For our control statements, we can use comparison operators such as, ==, !=, >, <, <=, >=, and logical operators, such as, and, or,not
File Input and Output
Here's some code for printing the contents of a text file:
fp = open("foo.txt","r")
line = fp.readline()
while line:
    line = line.strip()
    print line
    line = fp.readline()
fp.close()
We could open a file for writing with:
fp = open("foo.txt","w")
and use:
fp.write(...)
to write to that file.
Object Oriented Programming in Python
Here is an example of using a class in python:
#!/usr/bin/env python
class Radio:
    "A simple radio"
    def __init__(self,freq=0.0,name=""):
        "Constructor method"
        self.__frequency=freq
        self.name=name
    def tune(self,freq):
        self.__frequency=freq
    def tuned_to(self):
        print self.name, "tuned to:", self.__frequency
if __name__ == "__main__":
    # declare two radio instances
    car = Radio(name="car")
    kitchen = Radio(91.5,"kitchen")
    # call some methods
    car.tuned_to()
    kitchen.tuned_to()
    car.tune(89.3)
    car.tuned_to()
    # Docstrings--double quotes at the top of the class:                        
    print car.__doc__
    # NB members not private by default:
    print car.name
    # BUT leading double underscores will trigger
    # name mangling and hence the member will be hidden 
    print car.__frequency
Running the script gives us:
car tuned to: 0.0
kitchen tuned to: 91.5
car tuned to: 89.3
A simple radio
car
Traceback (most recent call last):
  File "./foo.py", line 27, in <module>
    print car.__frequency
AttributeError: Radio instance has no attribute '__frequency'
Using Packages
Python packages are great because they provide us with a whole lot of extra functionality--above and beyond the core language--that we didn't have to write and debug ourselves.
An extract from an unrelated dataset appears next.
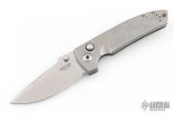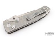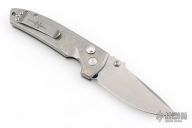 This Project VECP Buttonlock from Les George features a stonewashed CNC flat ground blade and a tumble finish titanium frame. Tip up titanium clip. Phosphorus bronze washers. Smooth action. Nice blade seating, detent and lockup. Comes with maker's zipper case, and an extra clip (plain). Excellent condition.

Let's walk through a simple example using a package. At an interactive prompt type:
from random import randint
This will give us access to the randint(x,y) function, which returns a randomly chosen integer from the given range [x,y]:
>>> randint(0,10)
4
>>> randint(0,10)
1
>>> randint(0,10)
3
>>> randint(0,10)
0
OK, so far so good. One thing to note is that the above import statement has drawn the name randint into our current namespace. What if we had already defined a function named randint. That could cause problems. In order to protect ourselves from this kind of problem, there are several import variants.
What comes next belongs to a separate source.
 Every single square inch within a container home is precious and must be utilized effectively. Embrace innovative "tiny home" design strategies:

By default, functions will be added to a namespace with the same name as the package. In order to call the functions we will, in this case, have to prefix them with there namespace:
>>> import random
>>> random.randint(0,10)
6
Should we desire, we can apply a little more control and specify the namespace for the import ourselves:
>>> import random as rnd
>>> rnd.randint(0,10)
3
Another--more 'devil-may-care'--approach is to do away with the separate namespace and pull everything from a given package into the current namespace:
>>> from random import *
>>> randint(0,10)
9
>>> random()
0.3172268098313996
(The random() function returns a randomly selected floating point number in the range [0, 1)--that is, between 0 and 1, including 0.0 but always smaller than 1.0.)
Interrogating a Module
To find all the functions that are in a particular module, type dir(<modulename>).
If you have the pip package installed, you can easily see which other packages are installed using pip list on the linux command line.
A Namespace Collision
>>> def randint():
...     print "dummy function"
... 
>>> randint()
dummy function
>>> from random import randint
>>> randint()
Traceback (most recent call last):
  File "<stdin>", line 1, in <module>
TypeError: randint() takes exactly 3 arguments (1 given)
>>> randint(0,10)
0
Python for Shell Scripting
from subprocess import call
call(["ls", "-l"])
Python as a Glue Languge
- Calling R from python is possible using: http://rpy.sourceforge.net/index.html.
- Calling Matlab from python: http://mlabwrap.sourceforge.net.
- With SWIG you can make many bindings, including Python to C and C++: http://www.swig.org/.
- Or if Fortran is more your cup-of-tea, you can use f2py: http://cens.ioc.ee/projects/f2py2e/.
- There are many more examples.
Command Line Parsing
#!/usr/bin/env python
import sys
if __name__ == "__main__":
    # We can test on the length of argv
    if len(sys.argv) < 2:
        print "usage: to use this script..."
    else:
        ii = 0
        for arg in sys.argv:
            # (typically) argv[0] is bound to the script name
            print "arg", ii, "is:", arg
            ii = ii+1
gethin@gethin-desktop:~$ ./cmdline.py usage: to use this script... gethin@gethin-desktop:~$ ./cmdline.py fred ginger arg 0 is: ./cmdline.py arg 1 is: fred arg 2 is: ginger
Databases
Simple Databases
Python provides access to some database packages through some standard packages. The bsddb module allows you to access the highly popular Berkeley DB database from your python code.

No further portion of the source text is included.